A lot of Maryland is in mourning (1.5 million, or 61% of voters, to be specific). People are walking around Annapolis like zombies, “still trying to get my head around it.” Post-election depression.
After any election, people typically experience a period of depression and anxiety, but rebounding after this year’s election is likely to be much more difficult. The divisive and caustic nature of this campaign, and the high stakes for some of the most crucial issues of our time, is challenging many in Maryland to come to terms with the results.
“Some of my patients are describing it is a loss similar to the space shuttle explosion or the Kennedy assassination. Going from hopeful and excited to suddenly devastated, with no time for adjustment.” —Dr. Michael Freedman of Evolve Medical.
Boaters in Annapolis can tell you that navigating out of the darkness requires slowing down and cautiously moving from one buoy to the next. Evolve Medical is offering us the following 10 steps to feeling better for those who are having trouble processing Tuesday’s election night results.
1) Take some time. No matter how many people tell you to stay positive, let yourself have some to adjust. Work at your own pace and try not to feel pressure to feel better at someone else’s pace. Give yourself time to heal.
2) Stay in the now.

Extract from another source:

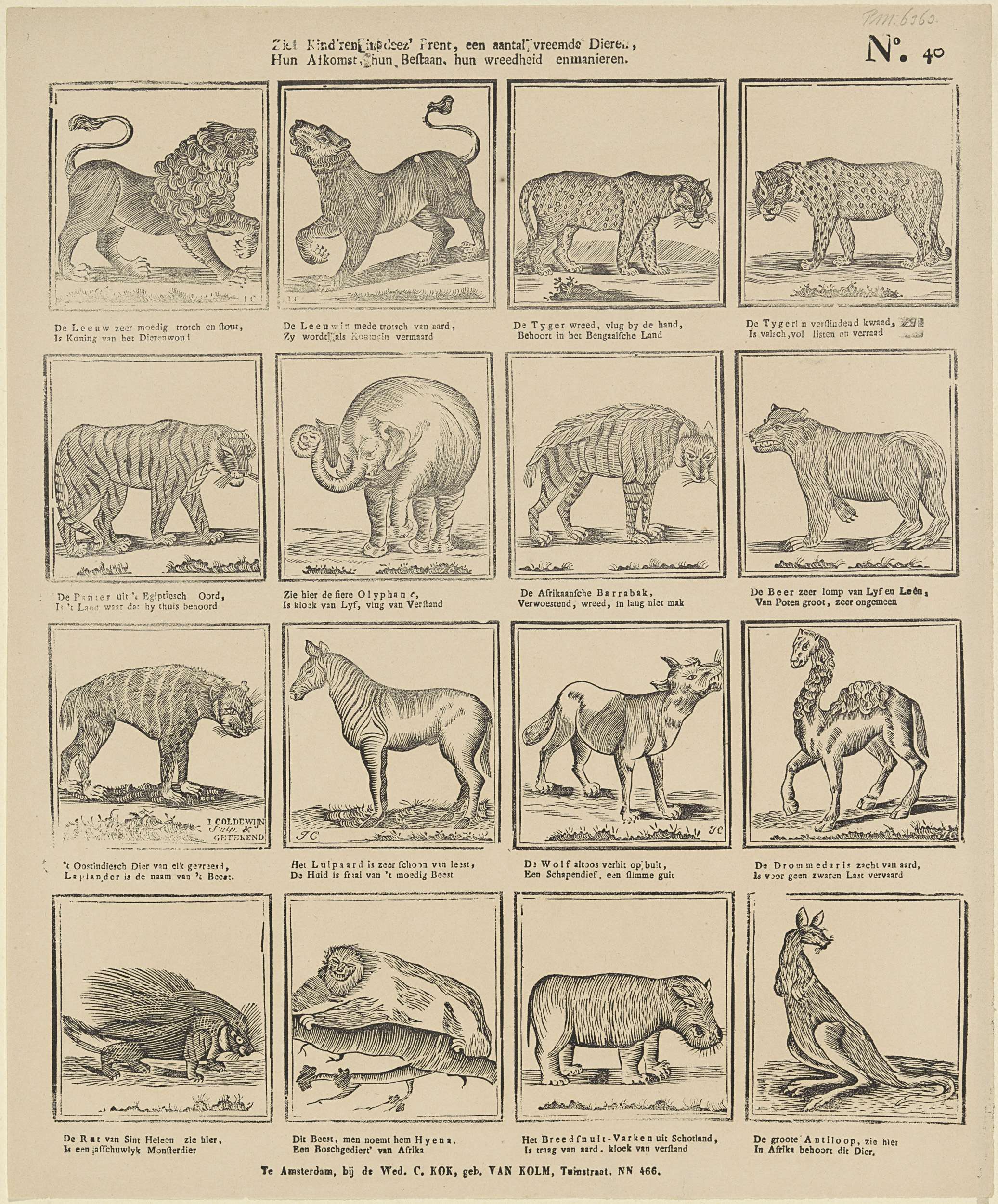 Blad met 16 voorstellingen van wilde dieren, waaronder een leeuw, een olifant, een zebra en dromedaris. Onder elke afbeelding een tweeregelig vers. Genummerd rechtsboven: No. 40.

It’s natural to worry about all the “what ifs” and “what is going to happen with this or that”. But spending time worrying about things that haven’t happened yet (and may not happen) is really psychically damaging (and depressing). Our brains will jump into worst-case scenarios but our feelings today of anger, disappointment, frustration and confusion are more than enough for today–we don’t need to pile on more. Try to stay in the now as much as possible.
3) Let it out. If you need to yell, find somewhere private and quiet then go ahead and scream. Or run. Or hit the gym. Or hit some golf balls. Work around the house. Go for a walk in the woods. (Did you know walking in nature improves brain chemistry? Read this NYT article). Burn up some negative energy and get ready to let it go.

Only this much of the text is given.